Court to mull overseas reach of trademark law
The US Supreme Court will debate the worldwide reach of federal trademark law, agreeing to consider the extent to which a foreign-based company can be forced to pay damages for infringing sales that take place overseas.
The justices said they will review a $90 million jury award won by a Methode Electronics Inc. subsidiary in a lawsuit that accused an Austrian company and three of its units of selling copycat versions of proprietary remote controls used in heavy machinery.
The Austrian company, ABI Holding GmbH, contends that $87 million of that sum covered devices that were sold overseas and weren’t intended to be used in the US. The company says a federal appeals court ruling upholding the award threatens the business models of global retailers including Amazon.com Inc. and EBay Inc.
“That sweeping theory allows US courts to assess damages on a foreign defendant’s worldwide sales any time a U.S. plaintiff claims lost sales abroad,” ABI argued in court papers.
Methode’s Hetronic International contends the Denver-based 10th US Circuit Court of Appeals was right to uphold the award.
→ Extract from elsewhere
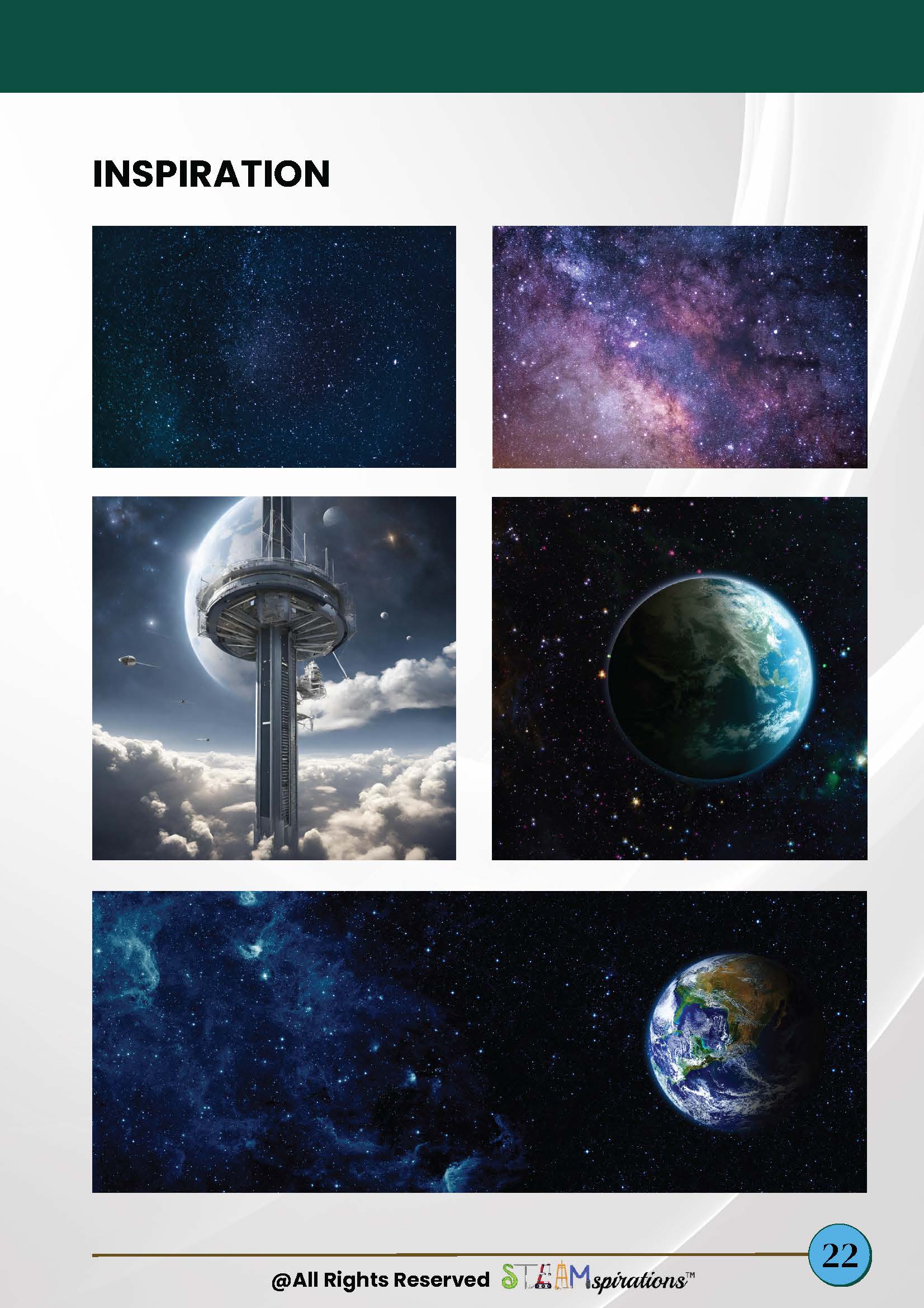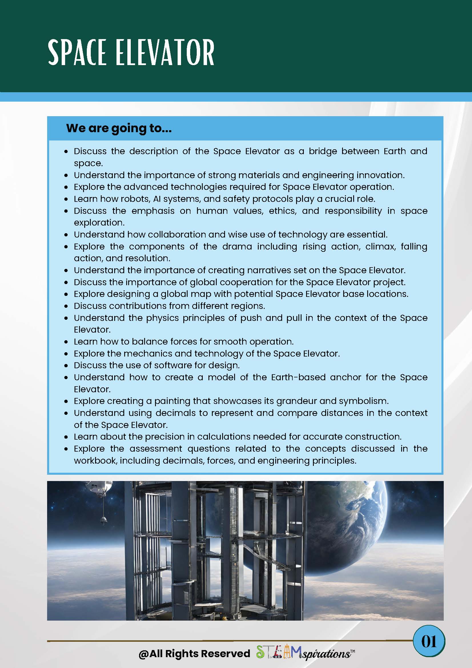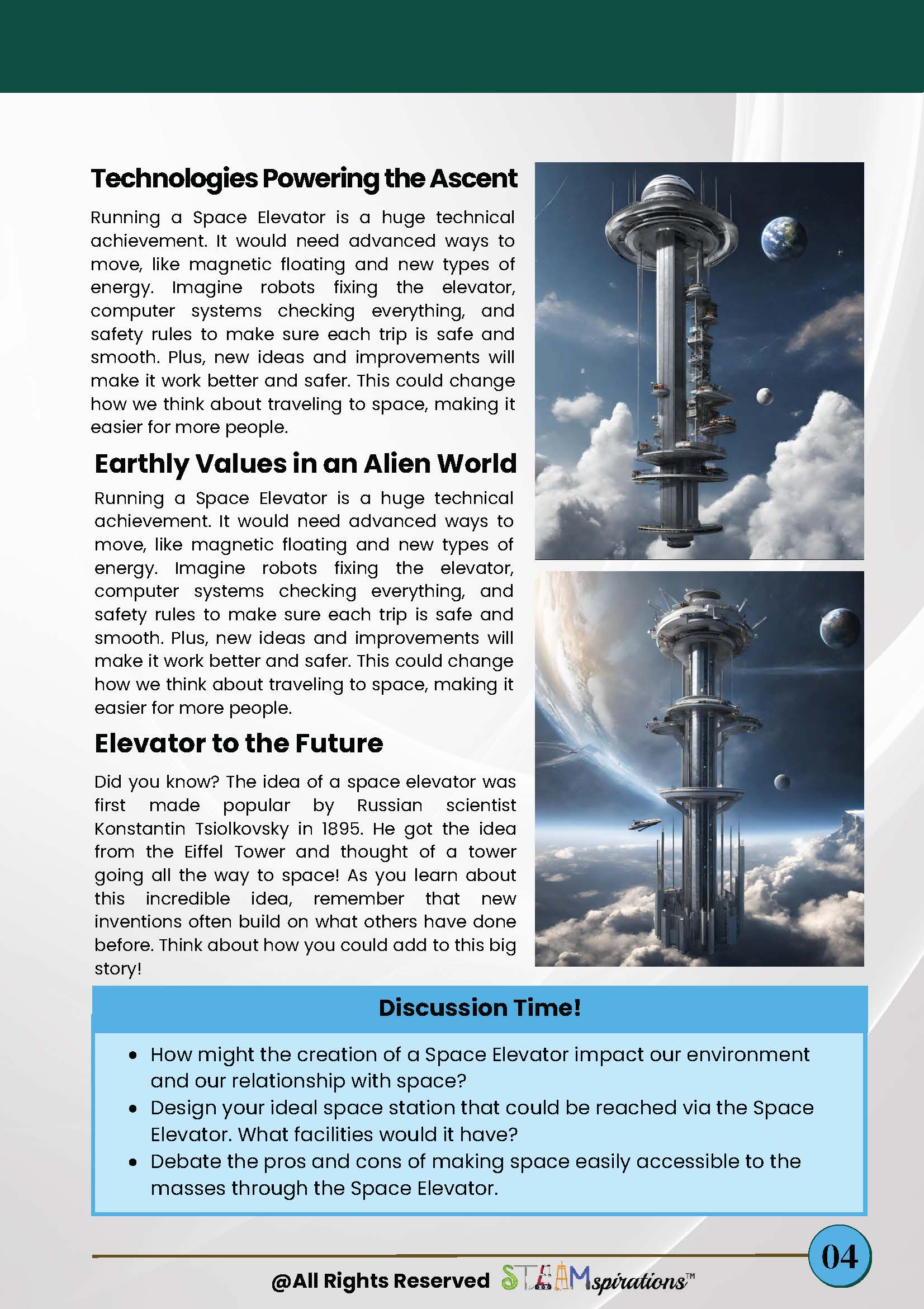 Embark on an enlightening educational journey with our interdisciplinary course focusing on the Space Elevator concept. This module, crafted for 5th graders, integrates science, technology, engineering, arts, and mathematics. It introduces students to the idea of a Space Elevator as a pivotal link between Earth and space, exploring its design, operation, and the vast potential it holds for future space exploration.

That company says the ABI units, which had licensing agreements with Oklahoma-based Hetronic, used fake letterhead and email addresses to sell almost $100 million in knockoffs designed to look like genuine products.
“The result was widespread confusion among US consumers, not to mention tens of millions of dollars in diverted sales from Hetronic,” the company argued.
The Biden administration urged the high court to take up the case, saying the 10th Circuit ruling “risks globalizing US trademark law.”